Since $C_1$ and $C_2$ do not intersect, $I_{C_1\cup C_2}=I_{C_1}\otimes I_{C_2}$. For $I_{C_i}$ there is a resolution of the form

$$0\to\mathcal{O}(-3)^{\oplus2}\to\mathcal{O}(-2)^{\oplus3}\to I_{C_i}\to0.$$

Tensoring these two resolution and twisting by 3 we obtain the exact sequence

$$0\to\mathcal{O}(-3)^{\oplus4}\to\mathcal{O}(-2)^{\oplus6}\to\mathcal{O}(-1)^{\oplus9}\to I_{C_1}\otimes I_{C_2}(3)\to0.$$

The first three terms do not have cohomologies, so it seems that the fourth doesn't have too. How to prove this? Should I use some spectral sequence?

It is probably true that your map $f$ is an isomorphism if the curves are chosen "sufficiently generally". But that would be a circular argument. It may well fail in general. The best I can come up with at present is the following suggestion.

Suppose that $C_1$ and $C_2$ have $2$ common bisecant lines $L$ and $M$ that meet in a point $P = L \cap M$. (I don't see any particular reason why that should not happen—maybe you can look for an example? The bisecant lines to $C_1$ cover $\mathbb{P}^3$, and similarly $C_2$.)

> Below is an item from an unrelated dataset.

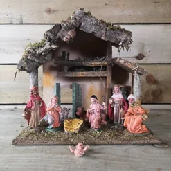 8 Figure Festive Christmas Nativity Scene In Stable With Mary, Joseph, Jesus

Then the condition for cubics to contain $C_1$ and $C_2$ would be linearly dependent: argue first on the $4$ points $L \cap C_1$ and $L \cap C_2$ ($4$ conditions on cubics, as should be). Then argue on $4$ points $P$ and $2$ points of $M \cap C_1$ and one of the points of $M \cap C_2$; cubics through these necessarily pass through the second point of $M \cap C_2$. So the two curves $C_1$ and $C_2$ each imposes $10$ conditions on cubics, but these conditions are not linearly independent.

It is true that twisted cubics $C_1$ and $C_2$ cannot be contained in a cubic surface $S$ that is nonsingular along both. I hope you can follow intersection numbers of curves on a surface. Because (after you resolve singularities if necessary), $C_1^2 = +1$ and $C_2^2 = +1$, so that $C_1 \cdot C_2 = 0$ would contradict the algebraic index theorem. But that argument does not work if $S$ has any singularities along the $C_i$.